In the stock market update, these developments are likely to have a broader impact on emerging market currencies, with investors closely monitoring economic cues from the US. As global markets adjust to shifting monetary policies, forex trends will remain key indicators for equity market momentum.
Top 5 Stock Picks for Tuesday
Stock market experts have identified five stocks for investors to consider for Tuesday’s trading session:
- Kaynes Technology India Ltd. (KAYNES): Analysts recommend buying at ₹7,119.75 with a target price of ₹7,600 and a stop loss at ₹6,860. The stock is trading near its all-time high, showing strong bullish momentum and supported by higher trading volumes.
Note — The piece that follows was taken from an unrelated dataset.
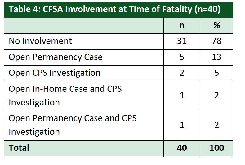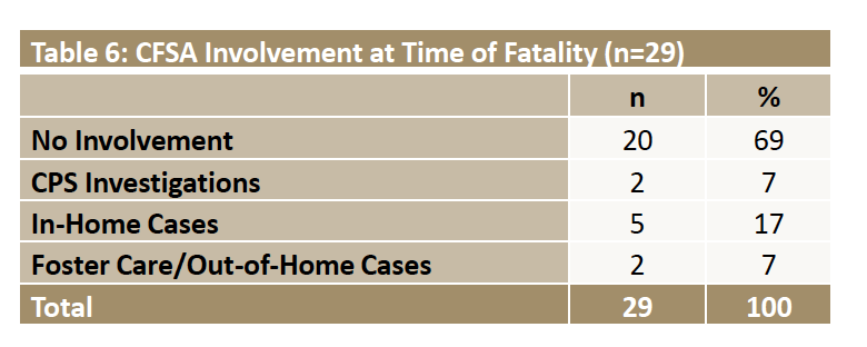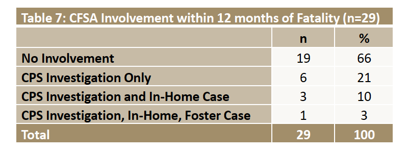 Nine of the 40 families reviewed in the report (or about 23 percent) were involved with CFSA at the time of the fatality. Of these nine families, five had an open foster care case, two had an open investigation, one had an open in-home case and an open investigation, and one had an open permanency case and an open CPS investigation. Obviously it is concerning that these fatalities could occur while CFSA was actively involved with the family. One has to wonder whether any red flags were disregarded. But without knowing the details of CFSA’s involvement with these families, it is impossible for readers of this report to make any conclusions about agency practice.

Key technical indicators, including the RSI at 80.29, confirm its upward trend.
- Lloyds Metals and Energy Ltd. (LLOYDSME): The stock offers a buy opportunity at ₹1,148.75 with a target of ₹1,210 and a stop loss at ₹1,105. A strong breakout and rising volumes indicate positive momentum, and the stock is trading above its crucial moving averages.
- Manappuram Finance Ltd. (MANAPPURAM): Investors can buy at ₹185, targeting ₹198 with a stop loss at ₹178. A price reversal pattern signals potential upward momentum, positioning traders to capitalize on the stock’s anticipated rally.
- Emami Ltd. (EMAMILTD): Analysts recommend buying at ₹598, with a target of ₹615 and a stop loss at ₹585. A bullish reversal pattern and strong support levels indicate upward potential for the stock.
- Kotak Mahindra Bank Ltd. (KOTAKBANK): With a breakout observed at ₹1,805, traders are advised to buy for a target price of ₹1,840. A stop loss at ₹1,760 is recommended to manage risk, while RSI indicators show rising buying momentum.
In the stock market update, market participants are encouraged to monitor these stocks closely, focusing on technical indicators and support-resistance levels to maximize gains amid volatile trends.